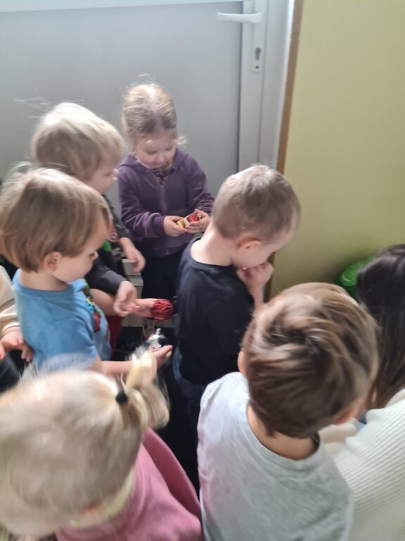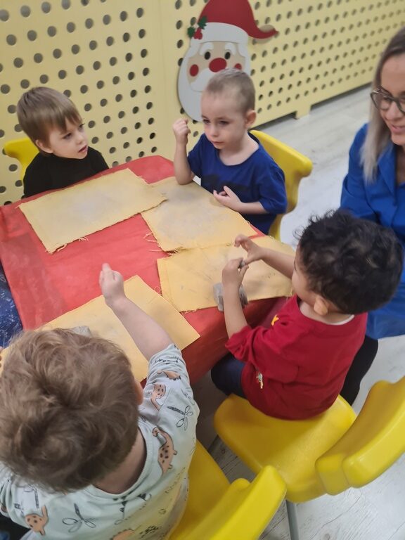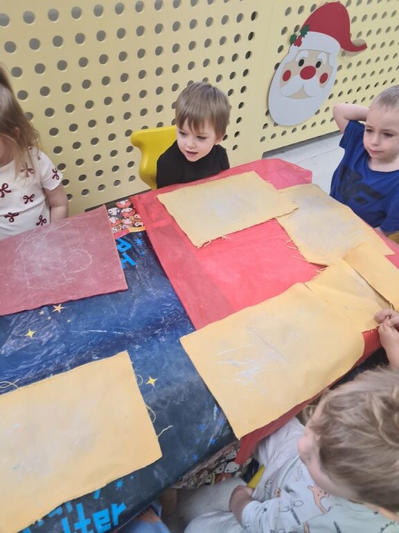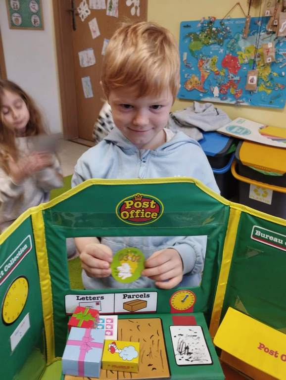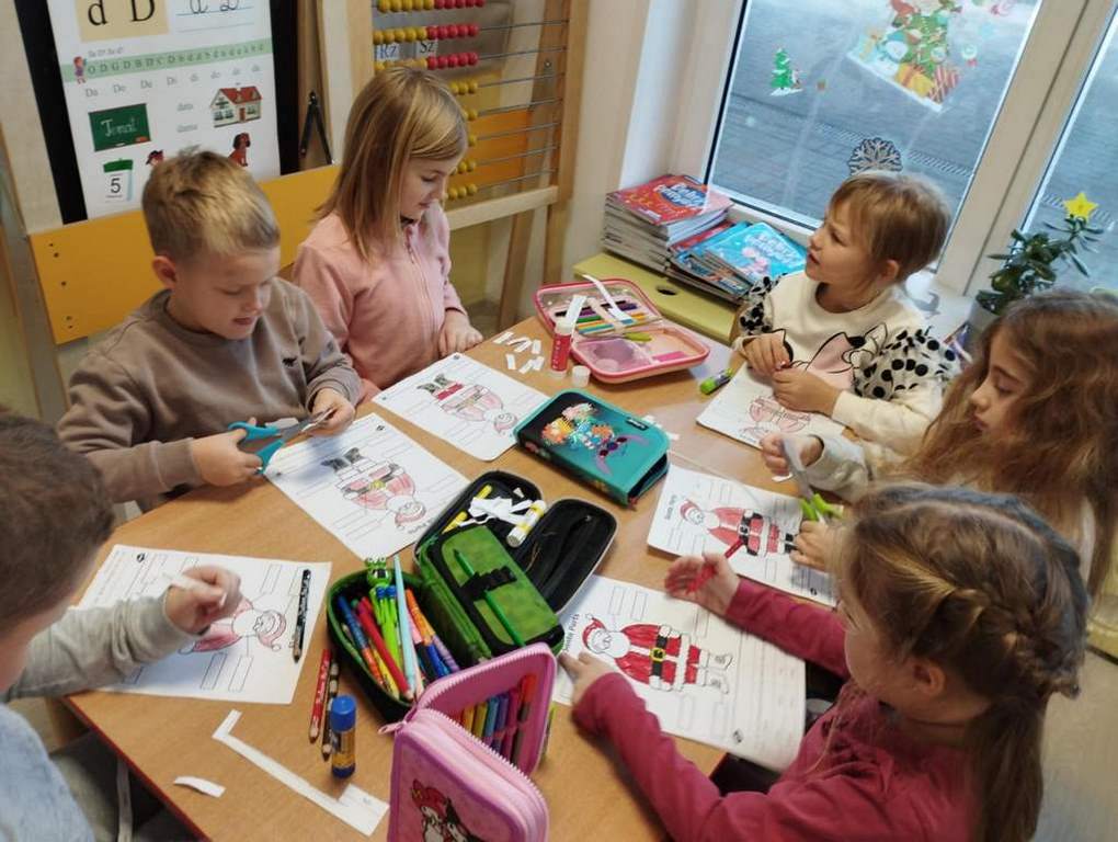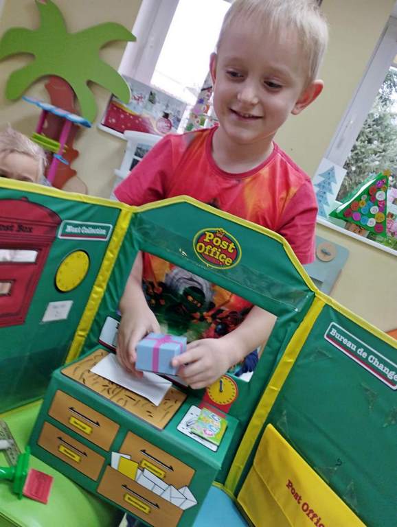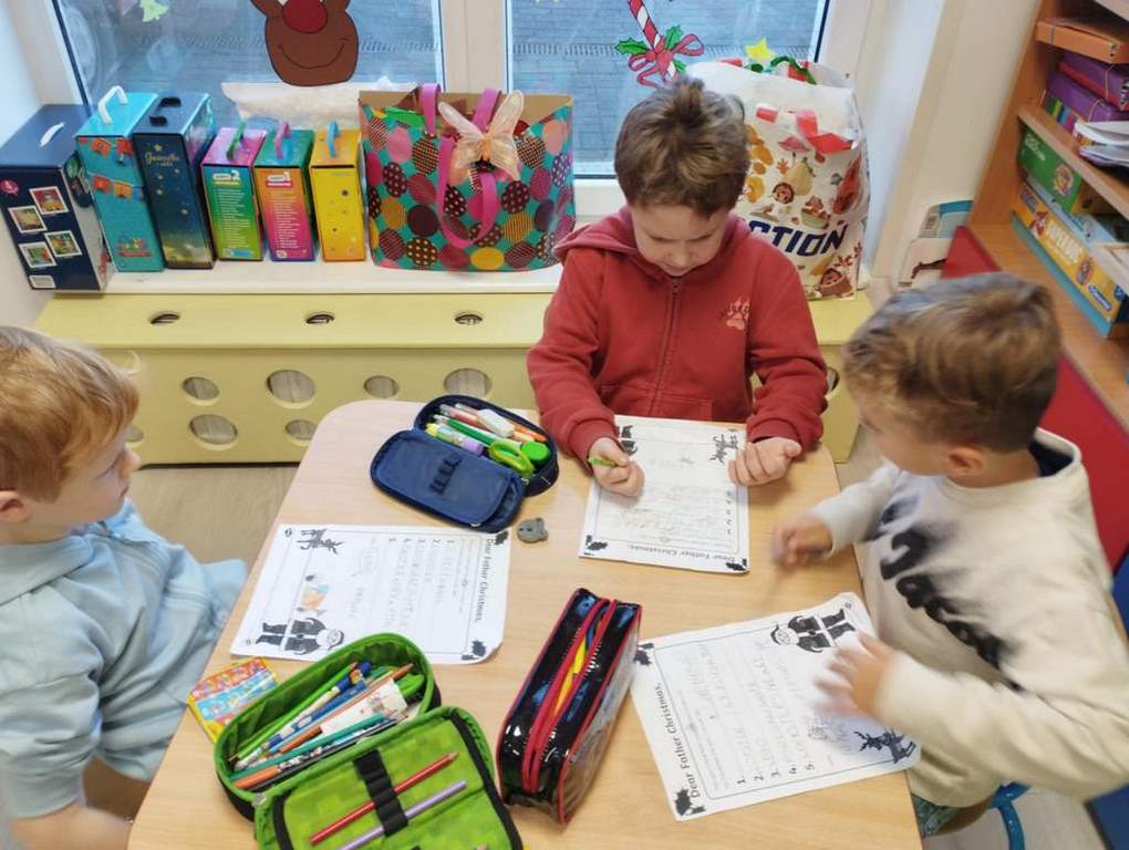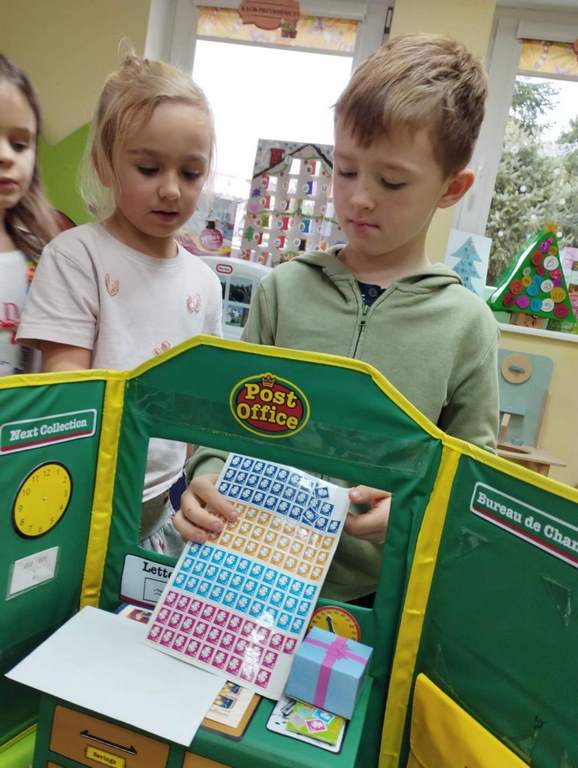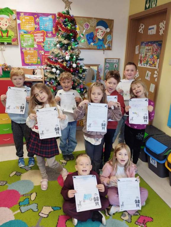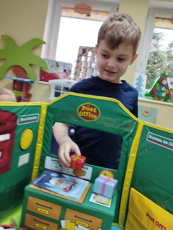 W tym tygodniu na zajęciach z języka angielskiego w grupie Pszczółek z niecierpliwością oczekiwaliśmy na wizytę szczególnego gościa, jakim jest Święty Mikołaj. Mówiliśmy o pracy listonosza, listach i pocztówkach i oglądaliśmy karty bożonarodzeniowe z różnych stron świata. Rozmawialiśmy także o wymarzonych prezentach, pisaliśmy list do Św.Mikołaja oraz czytaliśmy Mikołajowe opowieści.
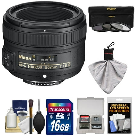 Nikon 50mm f\/1.8 G AF-S Nikkor Lens with 16GB SD Card + 3 UV\/CPL\/ND8 Filters Kit for D3200, D3300, D5300, D5500, D7100, D7200, D750, D810 Cameras
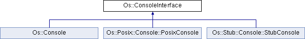 Implemented in Os::Console, Os::Posix::Console::PosixConsole, and Os::Stub::Console::StubConsole.
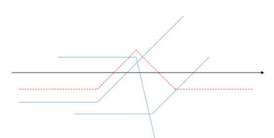 butterfly spread是如图红色虚线所示,买入两份不同行权价格的call,卖出两份同一行权价格的ATM put形成。波动率降低会盈利,增大会亏损。
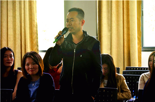 接着,由鲁京明老师作厦大法语系历史回顾与现状介绍。伴随着屏幕上一张张老照片,鲁老师将法语系的历史沿革娓娓道来,同时缅怀为法语系的发展殚精竭虑已经离开了我们的老前辈,感谢培养了一批又一批优秀法语人才的退休老教师冯寿农教授、黄贵成副教授、丁志强副教授、李燕玉副教授等,他们每一位都为厦大法语系做出了不可磨灭的贡献,每一位都是备受历届学生尊崇的良师益友。鲁老师还介绍了历任外教,在法语专业工作过的外教前后共有二十几位,其中她特别提到了Madame Fran?oise Pinot的故事。Pinot老师是一位对外法语教学专家,曾在厦大法语系任教5年,她对教学兢兢业业,将大半辈子都献给了中国的法语教学事业。最后她介绍了法语系的师资、科研、人才培养方面的情况,希望系友多为在校学生提供实习、就业、创新创业训练方面的支持,并希望系友们能够担任本科生的校外导师,探索校企合作培养人才的模式。
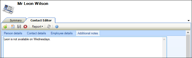Use this tab to record any additional information about the contact (for example: hours of availability).
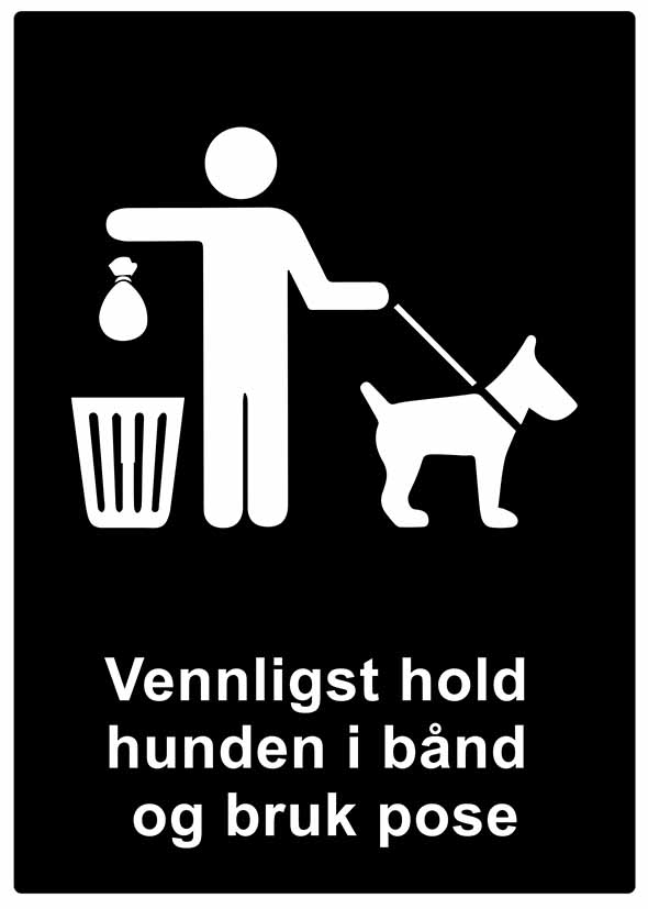 Vennligst hold hunden i bånd og bruk pose – Opplysningsskilt
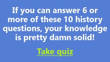 6/10 is the score to beat in this History quiz to put yourself over the average quiz taker. But you're probably going to be able to answer questions "Where did Napoleon Bonaparte suffer his last defeat?" and "In 2014, 5 people were killed in an explosion at a Mitsubishi plant in which country?" easy!
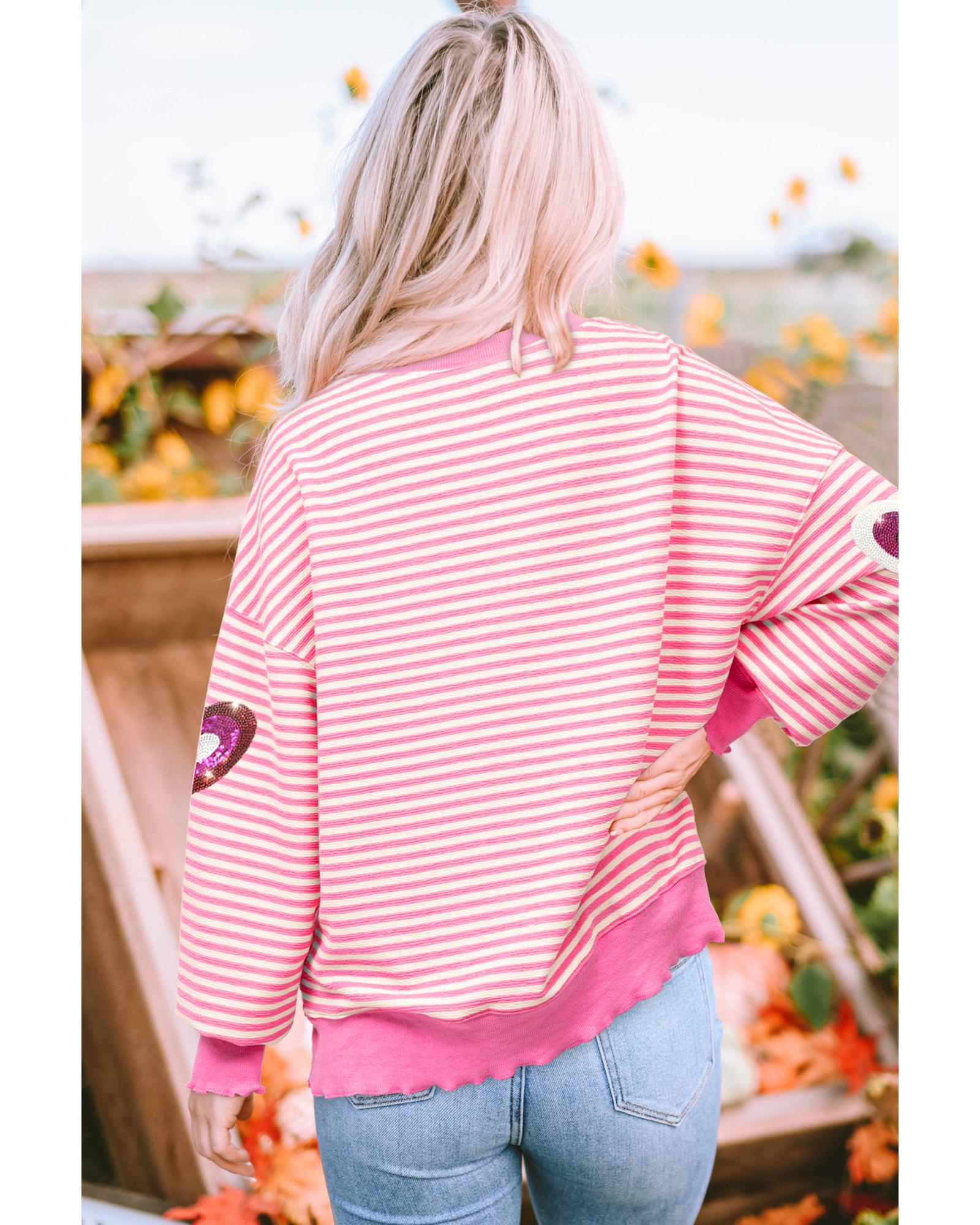 - Pink Stripe Sequin Heart Patched Pattern Long Sleeve Valentines Top
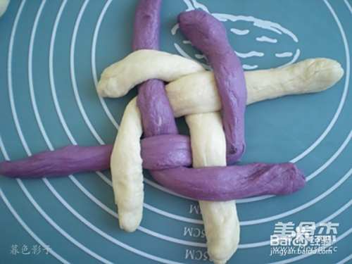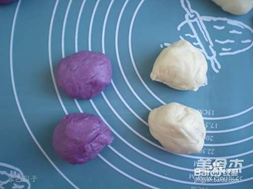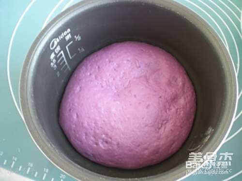 4熟紫薯泥、牛奶100ML、酵母粉3G混合面粉(250G)发酵、发酵好的紫薯面团排气、
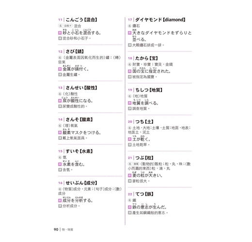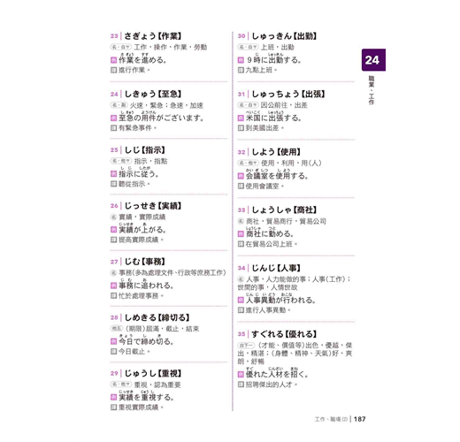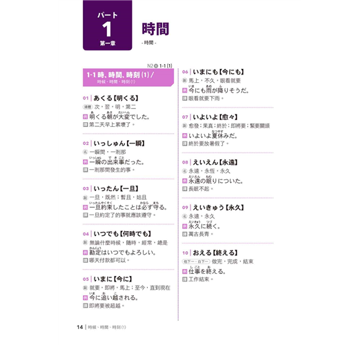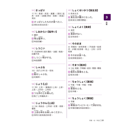 3. 速攻王─掌握單字最準確:依照情境主題將單字分類串連,從「單字→單字成句→情境串連」式學習,幫助您快速將單字一串記下來,頭腦清晰再也不混淆。每一類別並以五十音順排列,方便您輕鬆找到您要的單字!中譯解釋的部份,去除冷門字義,並依照常用的解釋依序編寫而成。讓您在最短時間內,迅速掌握日語單字。

• • • • • • •

Print exactly the first line of the entries and every line after it through the one that contains "4熟紫薯泥、牛奶100ML、", leaving the pictures out.

● **Result**:
 W tym tygodniu na zajęciach z języka angielskiego w grupie Pszczółek z niecierpliwością oczekiwaliśmy na wizytę szczególnego gościa, jakim jest Święty Mikołaj. Mówiliśmy o pracy listonosza, listach i pocztówkach i oglądaliśmy karty bożonarodzeniowe z różnych stron świata. Rozmawialiśmy także o wymarzonych prezentach, pisaliśmy list do Św.Mikołaja oraz czytaliśmy Mikołajowe opowieści.
 Nikon 50mm f\/1.8 G AF-S Nikkor Lens with 16GB SD Card + 3 UV\/CPL\/ND8 Filters Kit for D3200, D3300, D5300, D5500, D7100, D7200, D750, D810 Cameras
 Implemented in Os::Console, Os::Posix::Console::PosixConsole, and Os::Stub::Console::StubConsole.
 butterfly spread是如图红色虚线所示,买入两份不同行权价格的call,卖出两份同一行权价格的ATM put形成。波动率降低会盈利,增大会亏损。
 接着,由鲁京明老师作厦大法语系历史回顾与现状介绍。伴随着屏幕上一张张老照片,鲁老师将法语系的历史沿革娓娓道来,同时缅怀为法语系的发展殚精竭虑已经离开了我们的老前辈,感谢培养了一批又一批优秀法语人才的退休老教师冯寿农教授、黄贵成副教授、丁志强副教授、李燕玉副教授等,他们每一位都为厦大法语系做出了不可磨灭的贡献,每一位都是备受历届学生尊崇的良师益友。鲁老师还介绍了历任外教,在法语专业工作过的外教前后共有二十几位,其中她特别提到了Madame Fran?oise Pinot的故事。Pinot老师是一位对外法语教学专家,曾在厦大法语系任教5年,她对教学兢兢业业,将大半辈子都献给了中国的法语教学事业。最后她介绍了法语系的师资、科研、人才培养方面的情况,希望系友多为在校学生提供实习、就业、创新创业训练方面的支持,并希望系友们能够担任本科生的校外导师,探索校企合作培养人才的模式。
Use this tab to record any additional information about the contact (for example: hours of availability).
 Vennligst hold hunden i bånd og bruk pose – Opplysningsskilt
 6/10 is the score to beat in this History quiz to put yourself over the average quiz taker. But you're probably going to be able to answer questions "Where did Napoleon Bonaparte suffer his last defeat?" and "In 2014, 5 people were killed in an explosion at a Mitsubishi plant in which country?" easy!
 - Pink Stripe Sequin Heart Patched Pattern Long Sleeve Valentines Top
 4熟紫薯泥、牛奶100ML、酵母粉3G混合面粉(250G)发酵、发酵好的紫薯面团排气、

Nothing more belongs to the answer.